И все же, и все же... Мне необходимо отыскать эту особу и допросить ее с пристрастием. Не терплю насилия, тем более в отношении женщин, но тому, кто убил мою Джи, вырву руки и ноги и сверну шею! Только как напасть на след мерзавки, долбанувшей меня мешком с железяками?

Ответ пришел сам собой – ну конечно, при помощи все тех же злосчастных железяк. Они, в отличие от моего автомобиля (в котором, не исключено, остались отпечатки пальцев девицы и образцы ее ДНК) и ее велосипеда, в руки полиции и ФБР не попали – я же бросил мешок в кусты, когда, накручивая педали, пытался удрать от полицейских. И если мне повезет, мешок все еще лежит в том месте, куда я его катапультировал. Но вот только как то место найти?

Усталость как рукой сняло, я был полон энергии и желания во что бы то ни стало приняться за собственное расследование. Для начала оделся (пришлось облачиться в тот же костюм, что был на мне накануне, просто не было времени заботиться о таких мелочах, как одежда), спустился в ресторан отеля, где плотно перекусил. Прислушиваясь к разговорам за соседними столиками, я понял: весь Вашингтон только и говорит о смерти Филиппа. Для людей главной потерей был именно он, журналист, разоблачавший козни президентов, но для меня жертвой номер один являлась Джи. Судя по всему, спецслужбы работали чисто – во всяком случае, никто не выражал сомнения в том, что Карлайл застрелил жену, а затем сам пустил себе пулю в голову.

К моему несчастью, в зале находился мой знакомый издатель, который в компании с известной телевизионной сплетницей вкушал бранч. Он сидел ко мне спиной, и я бы бочком-бочком улизнул из ресторана, но у телевизионной дамы зрение оказалось отличное, и она зычным голосом, который заставляет дрожать всех и вся, окликнула меня.

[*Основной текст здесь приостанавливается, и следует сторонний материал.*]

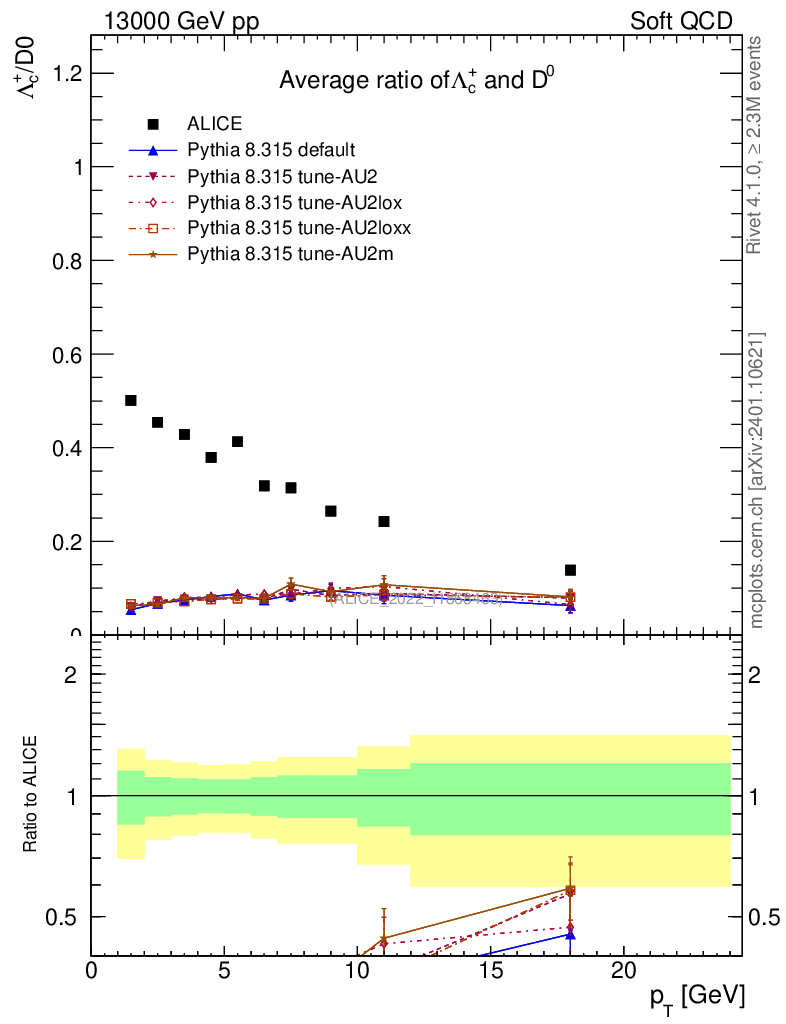 Soft QCD (inelastic) : Identified Particles : Ratios : Λc+/D0 vs pT
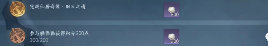 一、红尘任务【仙居奇缘】:任务接取:主菜单→任务→华章任务→【仙居奇缘】是一个系列任务,第一天完成,可以获得【躲猫猫】图鉴,25点剧情点的奖励;还有一封无情的信件收藏。
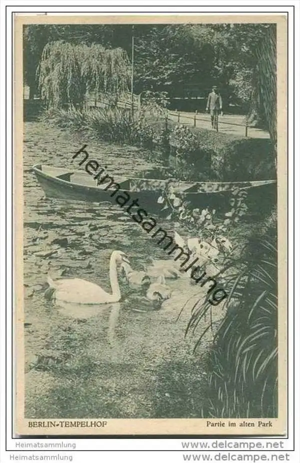 Berlin-Tempelhof - Partie im alten Park - Verlag J. Goldiner Berlin 20er Jahre - rückseitig Klebepunkte (G26178) *

Изобразив приличествующую ситуации радостную мину, я приблизился к их столику. Последовали стандартные фразы, рукопожатия, поцелуйчики. Разумеется, и издатель, и сплетница вели речь о самой важной новости дня – о смерти четы Карлайл.

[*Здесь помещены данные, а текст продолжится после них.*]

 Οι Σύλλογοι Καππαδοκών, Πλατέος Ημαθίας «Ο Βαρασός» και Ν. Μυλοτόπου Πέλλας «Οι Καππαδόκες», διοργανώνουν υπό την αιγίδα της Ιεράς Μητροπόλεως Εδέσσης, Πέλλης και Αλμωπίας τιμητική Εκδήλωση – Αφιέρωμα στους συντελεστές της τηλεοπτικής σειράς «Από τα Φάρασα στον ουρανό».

– Я знаю, что произошло на самом деле! – заявила вдруг моя настырная собеседница.

Я настороженно воззрился на нее. Неужто безмозглая курица хоть раз в жизни докопалась до правды?

– Карлайл застукал распутную кошечку Джинджер в объятиях другого и устроил там бойню почище резни в Литтлтоне и Вирджинии, – провозгласила дамочка.

Тут я почувствовал непреодолимое желание схватить со стола салфетку и запихнуть ее в бездонный рот сплетницы. Как она смеет называть Джи «распутной кошечкой»!

– Ни для кого не секрет, особенно в нашей большой деревне под названием Вашингтон, что Джинджер трахалась на стороне, – заявила мымра, кривя в мерзкой ухмылке карминно-красные губы. – Филипп, я знаю по личному опыту, был хорош в постели, но – лет тридцать назад. А Джинджер хотелось чего-то погорячее!

Может, помимо салфетки, запихнуть ей в пасть еще и ложку с вилкой и полить сверху уксусом?

– Не так давно мы с Джинджер сплетничали, – зашептала гадина, причем, разумеется, так громко, чтобы все находившиеся за соседними столиками имели возможность внимать ее словам. – Она сказала, что старики ей надоели. И у нее имелся любовник. Я даже знаю, кто именно!

Она выразительно посмотрела на меня, и я подумал, что если она сейчас же не замолчит, то тресну ее по лбу тарелкой, и будь что будет!

– Майкл-младший, сын банкира Томпсона, – заявила она с вызовом. – Он, правда, моложе ее на семь лет, но ведь милочка Джинджер никогда не выглядела на свои тридцать пять. О, у них был такой упоительный роман! Она рассказывала мне во всех подробностях! В прошлом месяце они отдыхали неделю у него на яхте.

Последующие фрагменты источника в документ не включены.